The Insulin Express Page 12
We find a pharmacy in Lakeside that lets us use their scale for a second. I step onto the scale, but the number staring back at me doesn’t make any sense.
“Are you sure this scale is right?” I ask the woman behind the counter.
“Yes,” she says, smiling back at me.
I start converting kilograms to pounds in my head. Multiply by two. Figure out ten percent, then add that twice. That means I weigh … wait, double check the number … 180 pounds? If that’s right, I have lost forty-five pounds. I thought I had lost twenty pounds at most, but forty-five means I have lost nearly a quarter of my body weight from my usual 225. How is that even possible?
Lacking anything that would qualify as helpful medical knowledge, we email some of my doctor friends back home and describe my symptoms.

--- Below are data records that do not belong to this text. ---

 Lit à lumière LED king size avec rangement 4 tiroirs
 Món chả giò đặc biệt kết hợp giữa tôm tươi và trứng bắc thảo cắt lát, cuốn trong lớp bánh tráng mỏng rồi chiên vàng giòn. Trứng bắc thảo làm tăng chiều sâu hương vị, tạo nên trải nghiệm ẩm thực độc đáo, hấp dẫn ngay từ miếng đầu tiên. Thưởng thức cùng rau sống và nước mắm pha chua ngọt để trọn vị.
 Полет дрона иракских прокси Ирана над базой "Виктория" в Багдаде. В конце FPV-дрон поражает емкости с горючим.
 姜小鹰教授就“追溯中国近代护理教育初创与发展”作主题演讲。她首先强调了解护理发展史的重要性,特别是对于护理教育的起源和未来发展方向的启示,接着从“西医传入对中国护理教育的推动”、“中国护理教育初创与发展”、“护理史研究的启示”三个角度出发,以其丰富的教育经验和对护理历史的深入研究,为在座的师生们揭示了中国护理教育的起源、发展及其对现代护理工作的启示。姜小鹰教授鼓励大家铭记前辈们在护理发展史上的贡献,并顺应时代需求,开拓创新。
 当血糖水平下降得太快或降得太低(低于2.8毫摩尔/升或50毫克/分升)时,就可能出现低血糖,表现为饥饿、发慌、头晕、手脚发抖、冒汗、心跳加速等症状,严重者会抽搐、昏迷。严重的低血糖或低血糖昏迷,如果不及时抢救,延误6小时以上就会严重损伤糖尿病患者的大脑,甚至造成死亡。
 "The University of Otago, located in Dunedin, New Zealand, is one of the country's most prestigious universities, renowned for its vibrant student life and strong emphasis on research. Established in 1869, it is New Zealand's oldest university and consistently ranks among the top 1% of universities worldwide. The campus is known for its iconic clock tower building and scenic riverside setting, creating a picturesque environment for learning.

Weight loss. Thirst. A constant need to pee. Weakness. We even Skype with one of them so that she can see me, or at least a pixelated version of me, which is the best we can manage over Nepali Wi-Fi. Their verdict is unanimous: malnutrition. Since entering Nepal, I have been on a vegetarian diet, eating far fewer calories than I normally eat since there isn’t too much junk food here. The massive infusion of rice into my diet explains the thirst, since rice can draw fluids out of the system. And the weakness and weight loss come from a lack of protein. All I have to do is eat more. One of my friends says I have the classic symptoms of diabetes, but we both agree that’s incredibly unlikely, since there is no history of diabetes in my family.
Back at Krishna and Bimala’s house, we email the medical update to my family. We didn’t want to consult them first because we suspected they would immediately and irreversibly freak out. We were right. They start sending panicked emails, begging me to go to the doctor. On a Skype call with my parents at night, I make a simple deal with them. I’ll go to the doctor if they track their diet and go to a personal trainer. My parents are overweight and putting on more pounds. In Israel, a friend of the family had told me to force them to get help. Now, I use their concerns about my health as leverage for my worries about theirs.

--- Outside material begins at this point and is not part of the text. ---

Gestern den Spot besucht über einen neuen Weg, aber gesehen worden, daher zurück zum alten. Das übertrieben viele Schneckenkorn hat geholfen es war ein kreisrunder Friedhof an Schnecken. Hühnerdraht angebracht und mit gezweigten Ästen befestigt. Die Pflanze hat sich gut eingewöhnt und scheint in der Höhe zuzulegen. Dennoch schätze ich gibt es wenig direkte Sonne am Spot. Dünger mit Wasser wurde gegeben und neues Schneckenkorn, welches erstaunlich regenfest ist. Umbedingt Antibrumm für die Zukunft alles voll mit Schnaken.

“Not even the Jews in Auschwitz lost weight as fast as you,” my dad says. “You have to go to a doctor.”
“I’ll go to a doctor when you see a personal trainer.”

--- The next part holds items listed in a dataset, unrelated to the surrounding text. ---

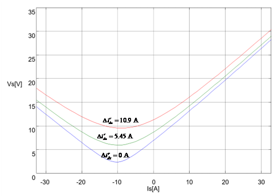 식(7)의 의미를 다시 살펴보면 동일 속도, 동일 토크지령에서 식(7)보다 큰 동기좌표계 d축 전류를 인가하게 되면, 항상 고정자전압의 크기가 증가함을 의미한다. 동기좌표계 d축 전류의 증가로 인하여 고정자전류의 크기가
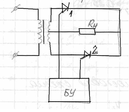 Как и диоды, тиристоры обладают односторонней проводимостью и могут находиться в двух состояниях открытом(прямое включение) и закрытом(обратное). Переменное напряжение снимаеться с обмотки.Если управляющим импульсом открыть тиристоры во время положительных напряжений то ток через нагрузку будет протекать в одном напрвлении.При измининии фазы импульсов изменяеться длительность работы тиристора,а следовательно и величина напряжения на нагрузке. Регулированиие осуществляеться измением угла –а от 0 до 180.
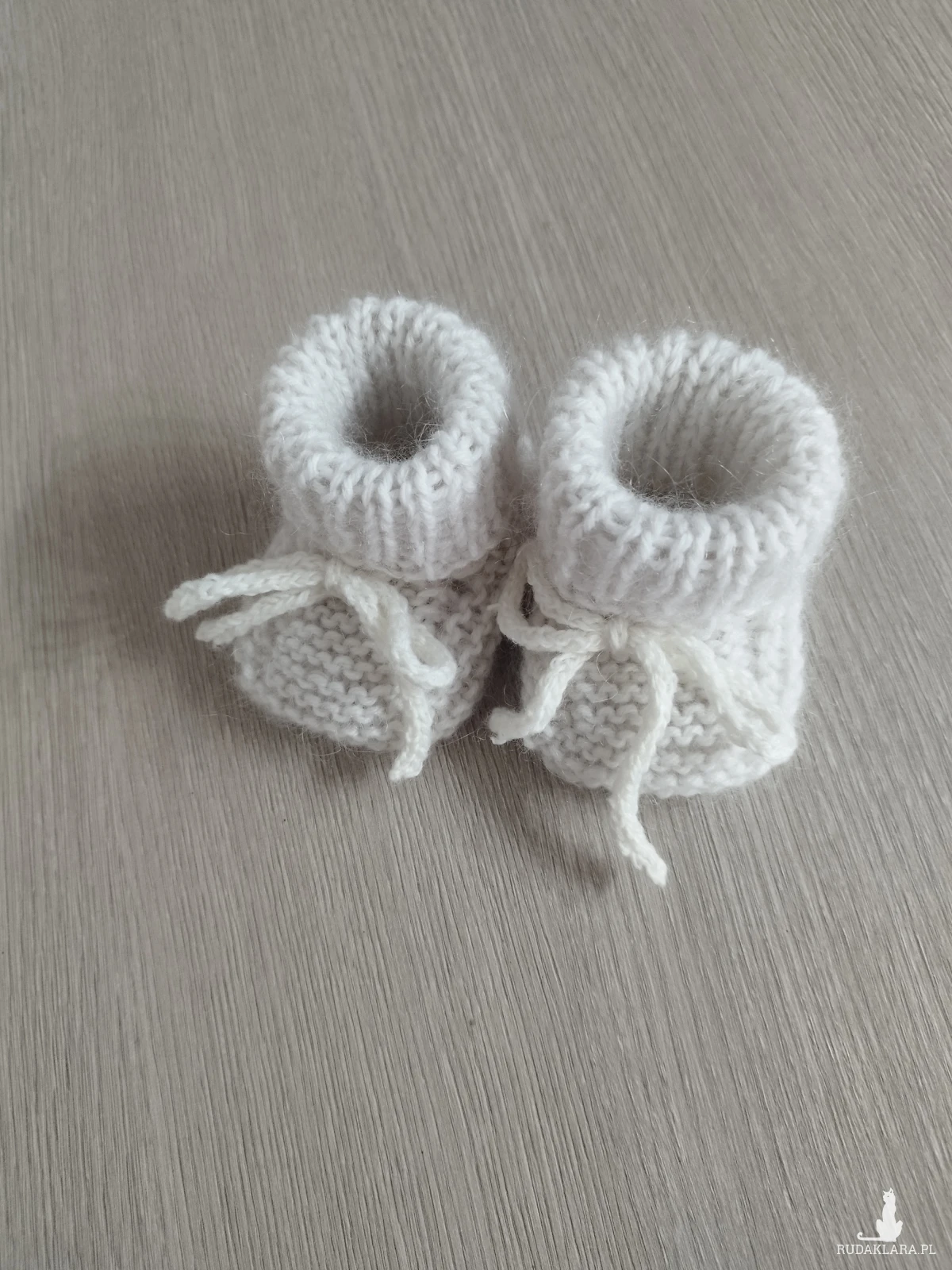 Buciki zrobione na drutach. Z przodu wiązane sznureczkiem. Skład wełna merino, moher i jedwab. Rozmiar 0-3mies

“What does our weight have to do with your health?”
“You can’t worry about my health until you take care of your own. Write down what you eat for three straight days and see a personal trainer.”
“You’re not going to survive that long, and I’m not coming to Nepal to bury you.”
“Okay then. I’ll try to die in Laos so you can at least visit somewhere you’ve never been for my funeral.”
The conversation goes around in circles, each of us trying to get the other to seek help. But each circle becomes more frustrating, and our voices rise in unison until we’re yelling at one another. My mom starts crying, which makes me feel worse than I already do. I refuse to find a doctor because they refuse to see a personal trainer. And we have too much on our agenda coming up. We have one more week of volunteering before we return to Thailand for scuba lessons and the continuation of our Southeast Asia explorations. I promise to find a doctor when we have some free time in Thailand. By the time we hang up, I am furious at my parents, and I suspect they feel much the same way toward me.
When we arrive at the monastery for our final week of teaching, one of the workers kindly informs us that the monastery has announced a holy day, called a pooja, and canceled morning classes. There will be one class in the afternoon. We can sit around the monastery for five hours and wait for class or we can simply come back tomorrow. Cassie and I decide to take advantage of the unexpected free day to visit a doctor.
We hail a cab to Quality Healthcare, one of the few medical providers in Pokhara and one of even fewer that has any positive reviews online. We walk in and take a seat in the waiting room. The doctor’s assistant invites us into the examination room a moment later.
A doctor, whom I’ll call Dr. Griffiths, introduces himself. “What seems to be the problem?” I describe my symptoms to Dr. Griffiths. He doesn’t look right at me, instead tilting his head ever so slightly to his left in a way that comes across as mildly disconcerting, as if he’s not quite listening to me. I suspect this is how he focuses, picturing my symptoms in his mind, but it would be a bit more reassuring if he occasionally turned to glance in my direction.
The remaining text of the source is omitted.